PROBLEM DESCRIPTION:
Would you output the entries below only from the line containing "Aro luna y estrella micropave mini (par)" through the line containing "鯛 希々葉さんを姓名の画数から五運を鑑定", exactly as they stand and with both ends included?

DATA PROVIDED:
- - - - -

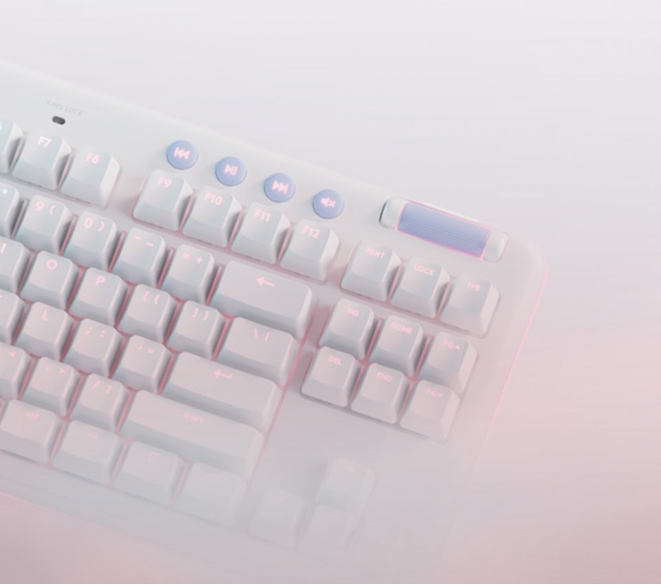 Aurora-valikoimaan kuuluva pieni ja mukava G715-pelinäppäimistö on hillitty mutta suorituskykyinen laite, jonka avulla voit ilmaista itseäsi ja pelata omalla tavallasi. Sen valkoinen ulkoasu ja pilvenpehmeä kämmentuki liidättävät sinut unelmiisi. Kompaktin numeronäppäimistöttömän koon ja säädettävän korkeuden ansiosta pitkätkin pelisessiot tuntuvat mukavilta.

- - - - -

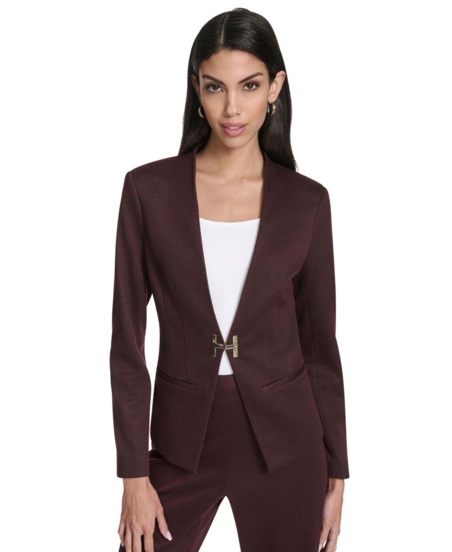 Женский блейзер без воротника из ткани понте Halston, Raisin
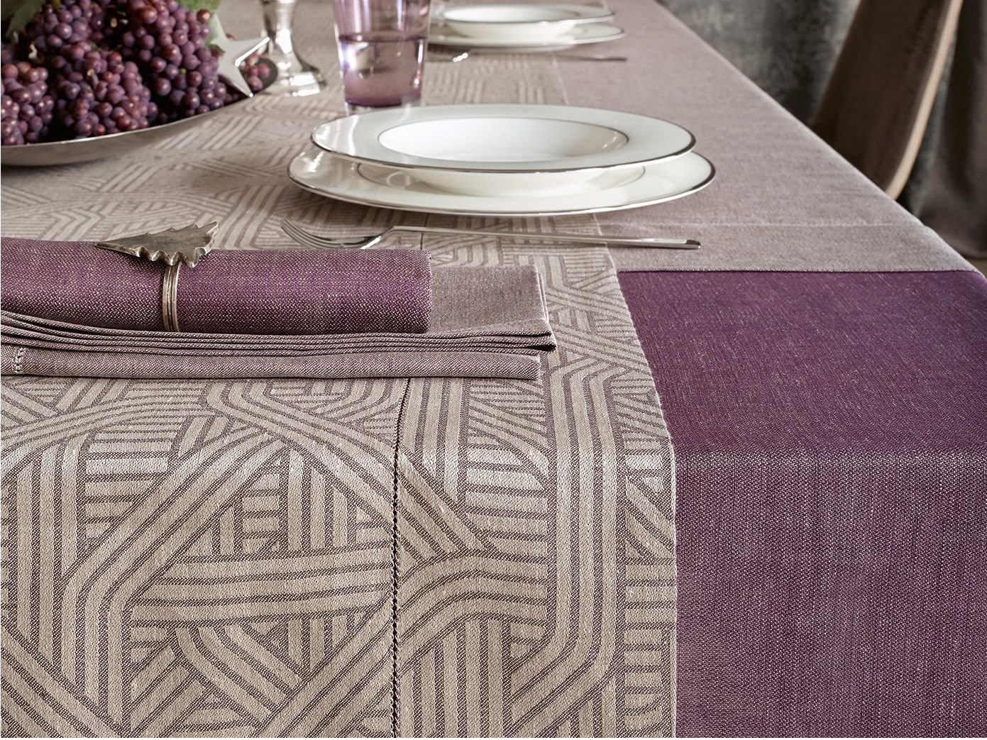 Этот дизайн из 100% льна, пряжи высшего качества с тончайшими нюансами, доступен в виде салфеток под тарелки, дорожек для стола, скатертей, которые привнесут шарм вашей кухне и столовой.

- - - - -

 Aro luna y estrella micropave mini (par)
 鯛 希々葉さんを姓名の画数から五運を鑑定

- - - - -

REPLY:
 Aro luna y estrella micropave mini (par)
 鯛 希々葉さんを姓名の画数から五運を鑑定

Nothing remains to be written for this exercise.